On Tue, May 19, 2020 at 1:20 PM Thomas Gleixner <t...@linutronix.de> wrote:
>
> Thomas Gleixner <t...@linutronix.de> writes:
> > Andy Lutomirski <l...@kernel.org> writes:
> >> On Fri, May 15, 2020 at 5:10 PM Thomas Gleixner <t...@linutronix.de> wrote:
> >>> The pagefault handler cannot use the regular idtentry_enter() because that
> >>> invokes rcu_irq_enter() if the pagefault was caused in the kernel. Not a
> >>> problem per se, but kernel side page faults can schedule which is not
> >>> possible without invoking rcu_irq_exit().
> >>>
> >>> Adding rcu_irq_exit() and a matching rcu_irq_enter() into the actual
> >>> pagefault handling code would be possible, but not pretty either.
> >>>
> >>> Provide idtentry_entry/exit_cond_rcu() which calls rcu_irq_enter() only
> >>> when RCU is not watching. The conditional RCU enabling is a correctness
> >>> issue: A kernel page fault which hits a RCU idle reason can neither
> >>> schedule nor is it likely to survive.
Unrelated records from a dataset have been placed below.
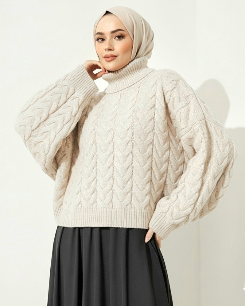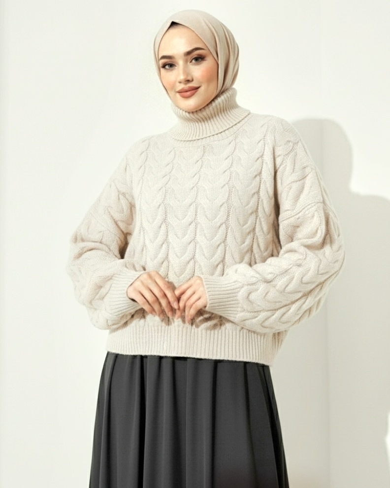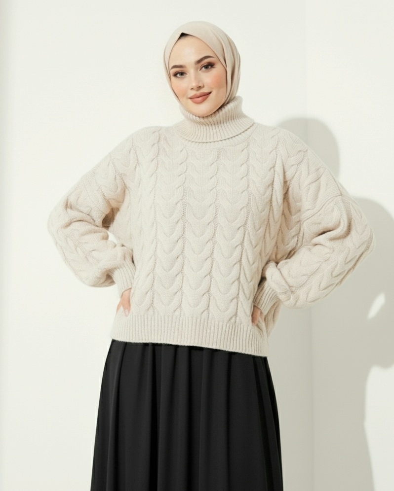 Knitted Patterned Turtleneck Sweater -Ecru -
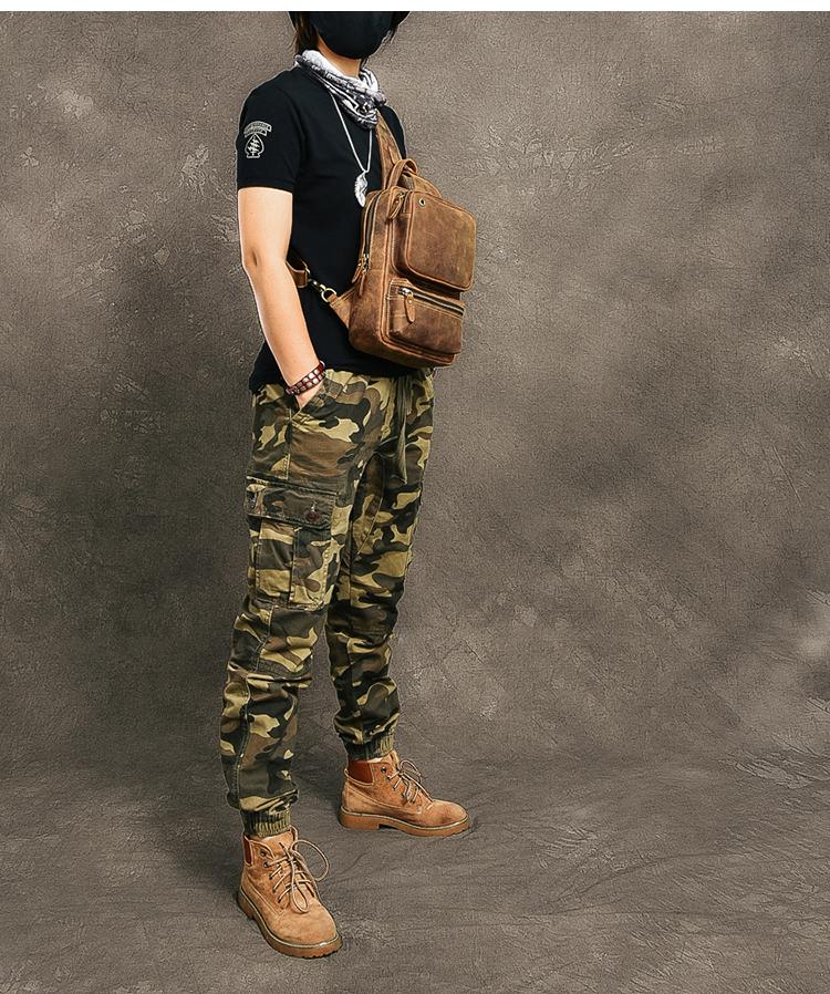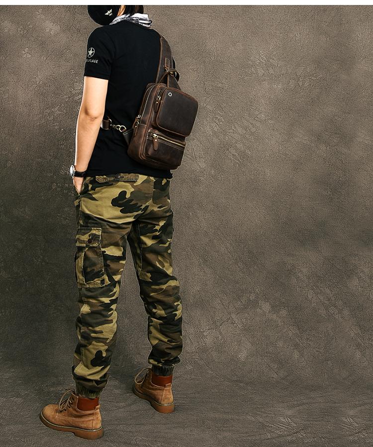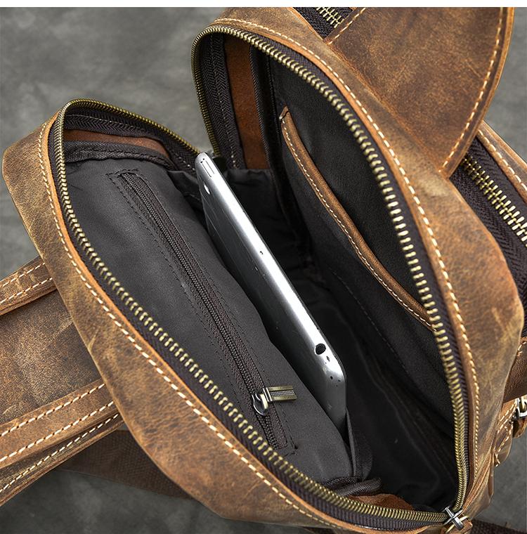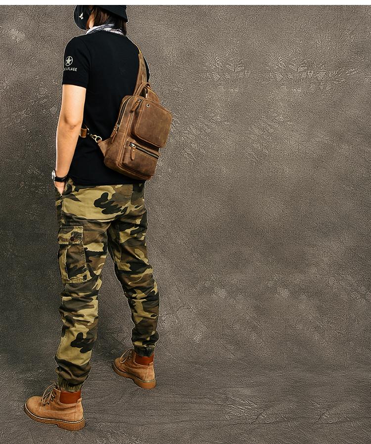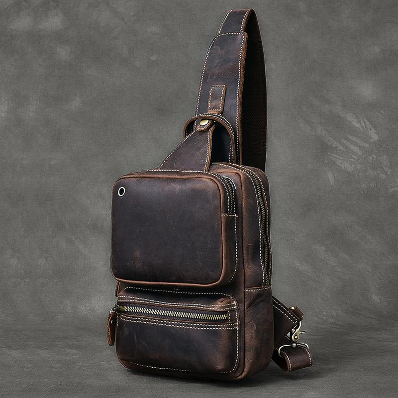 Design: Cool Leather Mens 10" Brown Chest Bag Dark Coffee Travel Backpack College Backpack for Men
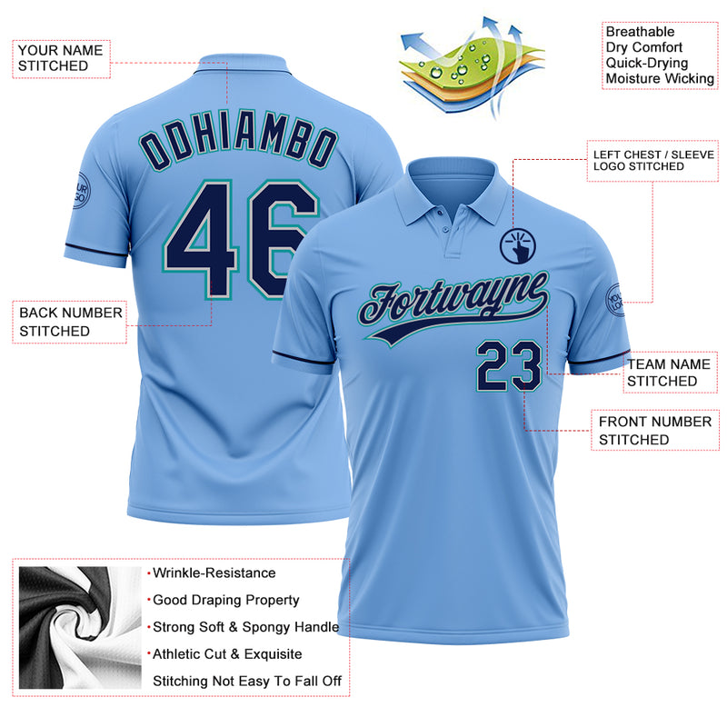 Custom Light Blue Navy Gray-Teal Performance Vapor Golf Polo Shirt
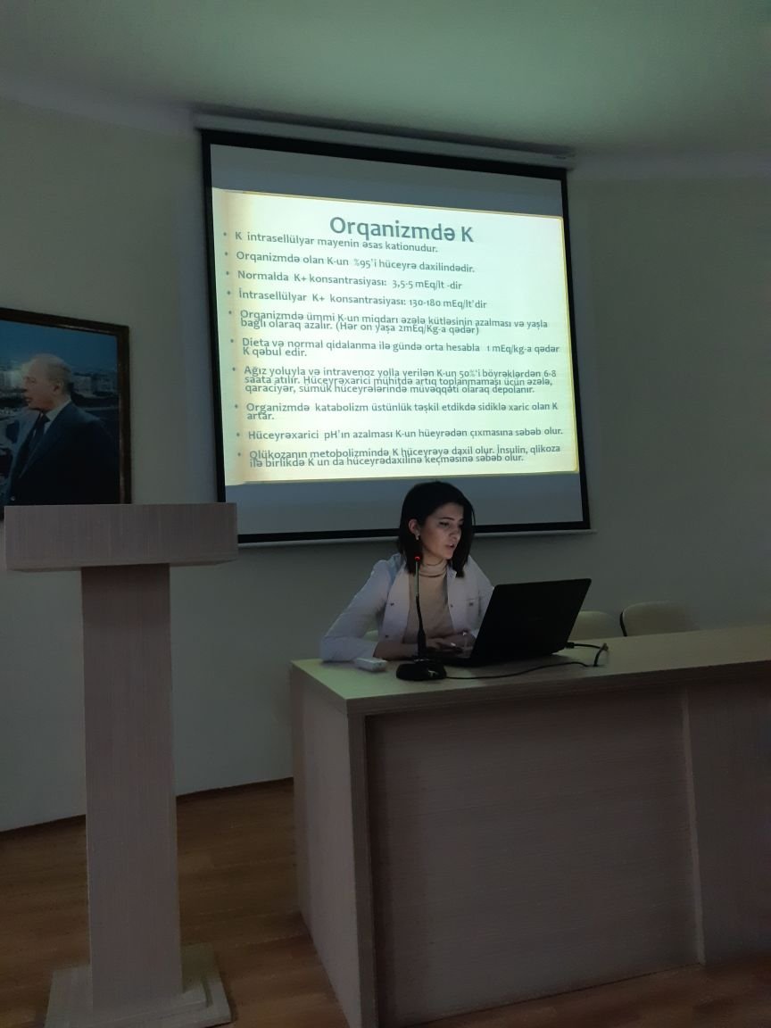 21.02.2018 tarixində I Cərrahi xəstəliklər kafedrasının II kurs rezidenti Ağakişiyeva Həcərin “Elektrolit – Na , K mübadiləsi” mövzusunda seminar çıxışı oldu. Çıxışda Cərrahi xəstəliklər kafedrasının rezidentləri ilə yanaşı digər kafedraların rezidentləri , tələbə və müəllimlər də iştirak etdi. Seminarda hiper-, və hiponatremiya , hiper-, və hipokalemiyanın yaranma səbəbləri, diaqnostikası, elektrolit itkisinin hesablanması, klinik mənzərəsi və müalicə taktikası barəsində danışıldı. Həmçinin preoperativ və postoperativ dövdə elektrolit mübadiləsinin patalogiyaları və elektrolit itkisinin bərpası barəsində geniş müzakirə aparıldı. Mövzu ilə bağlı rezident və tələbələrin sualları cavablandırıldı.
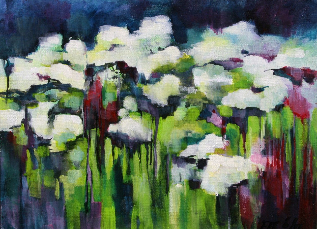 Verkocht In Boekel met een grote groep ergens aan de rand van het dorp (Puttershoek). Mijn inspiratie was een slootrand met prachtige witte schermbloemen en rode zuring. 3D doek, zonder lijst
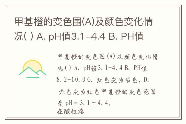 甲基橙的变色围(A)及颜色变化情况( ) A. pH值3.1-4.4 B. PH值8.2-10.0 C. 红色变为黄色, D. 无色变为红色
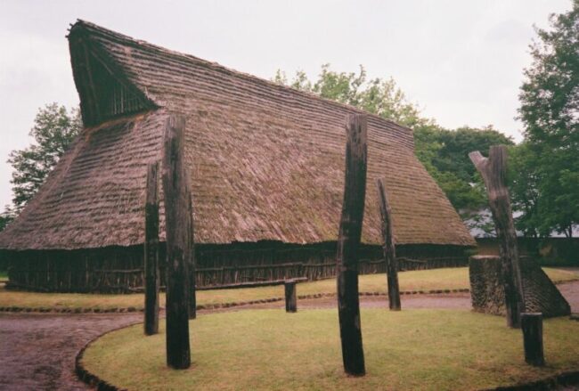 ここには縄文時代の竪穴住居を再現した建造物や資料館があります。
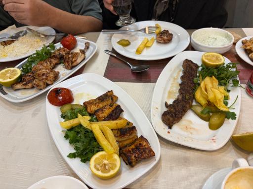 جوجه کباب سفارش دادیم. بسیار بدمزه و نپخته. اصلا پیشنهاد نمیکنم. قیمت زیاد کیفیت پایین
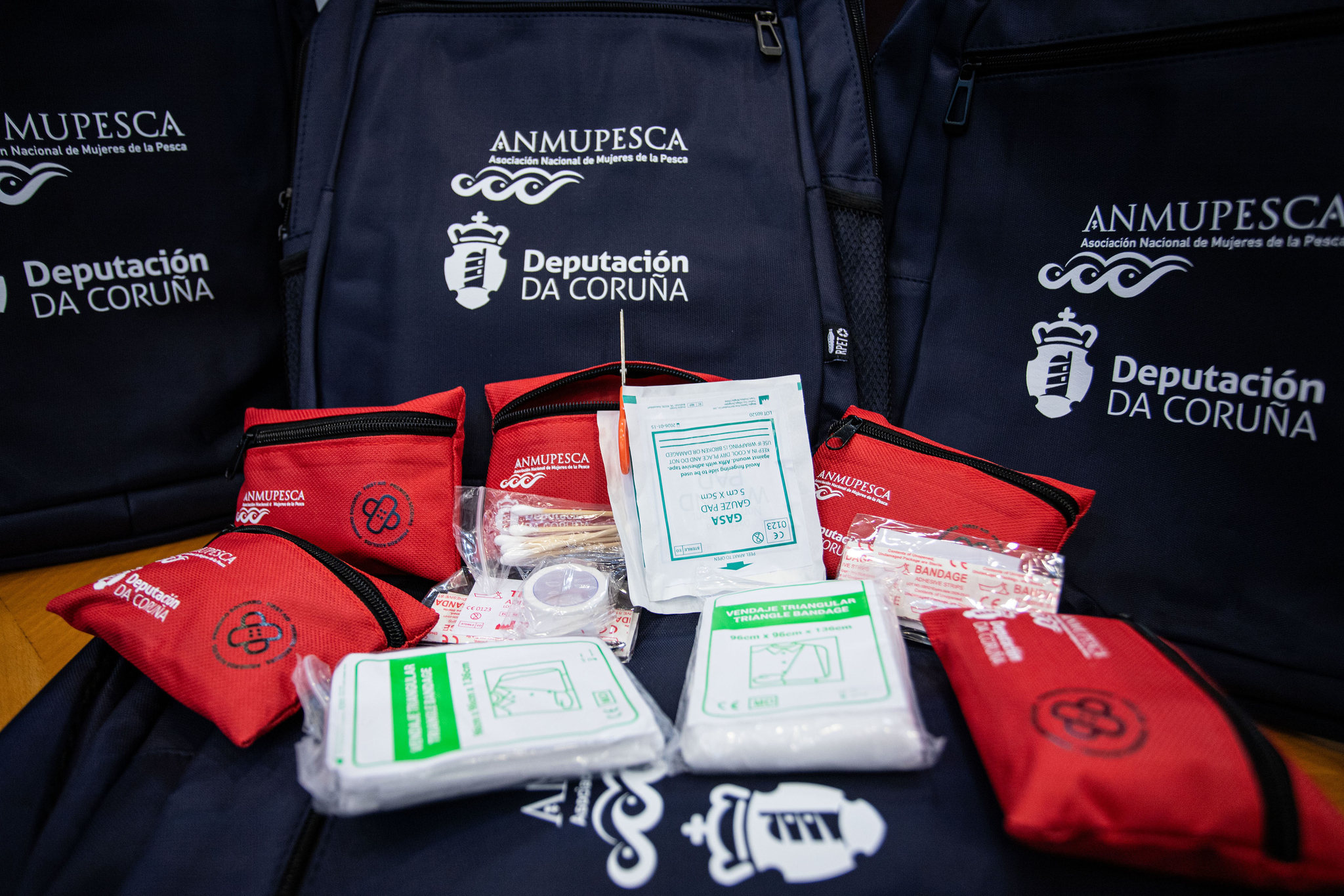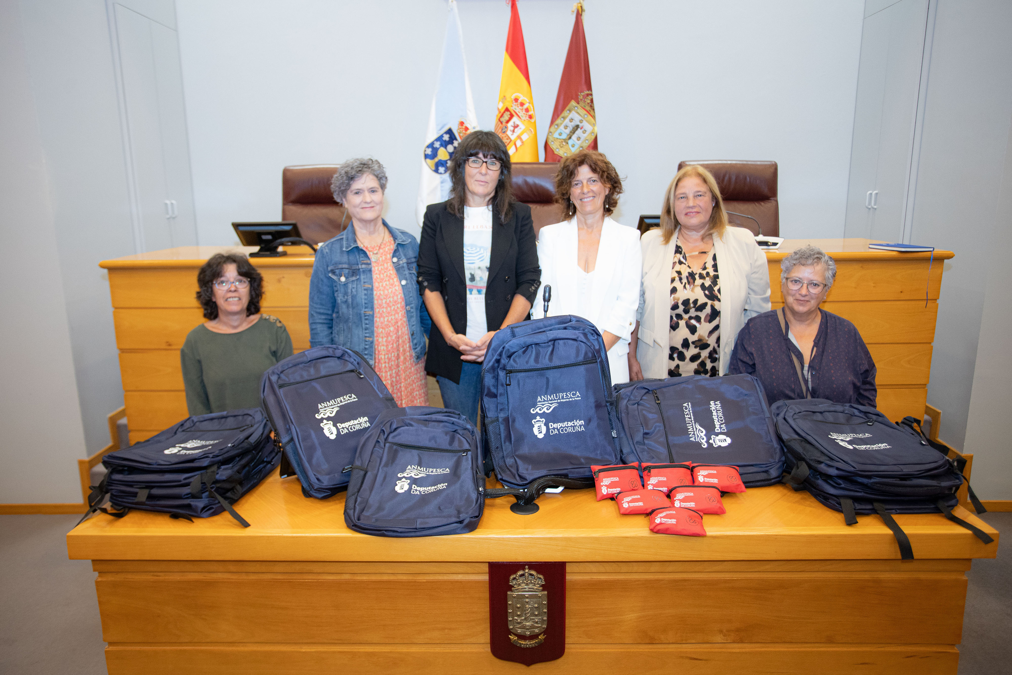 A deputada provincial da área de Emprego, Rosa Ana García, fixo entrega de 300 mochilas impermeables e adaptables, ademais de 300 caixas de primeiros auxilios a mulleres de ANMUPESCA da provincia
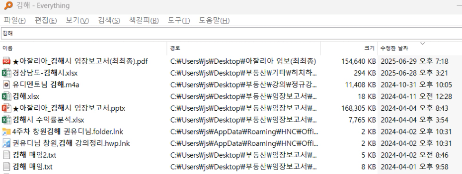 Everything 창에서 몇글자만 치면 한번에 검색 가능

But avoiding RCU warnings or RCU 
> >>> side
> >>> effects is at least increasing the chance for useful debug output.
> >>>
> >>> The function is also useful for implementing lightweight reschedule IPI 
> >>> and
> >>> KVM posted interrupt IPI entry handling later.
> >>
> >> Why is this conditional?  That is, couldn't we do this for all
> >> idtentry_enter() calls instead of just for page faults?  Evil things
> >> like NMI shouldn't go through this path at all.
> >
> > I thought about that, but then ended up with the conclusion that RCU
> > might be unhappy, but my conclusion might be fundamentally wrong.
>
> It's about this:
>
> rcu_nmi_enter()
> {
>         if (!rcu_is_watching()) {
>             make it watch;
>         } else if (!in_nmi()) {
>             do_magic_nohz_dyntick_muck();
>         }
>
> So if we do all irq/system vector entries conditional then the
> do_magic() gets never executed. After that I got lost...

I'm also baffled by that magic, but I'm also not suggesting doing this
to *all* entries -- just the not-super-magic ones that use
idtentry_enter().

Paul, what is this code actually trying to do?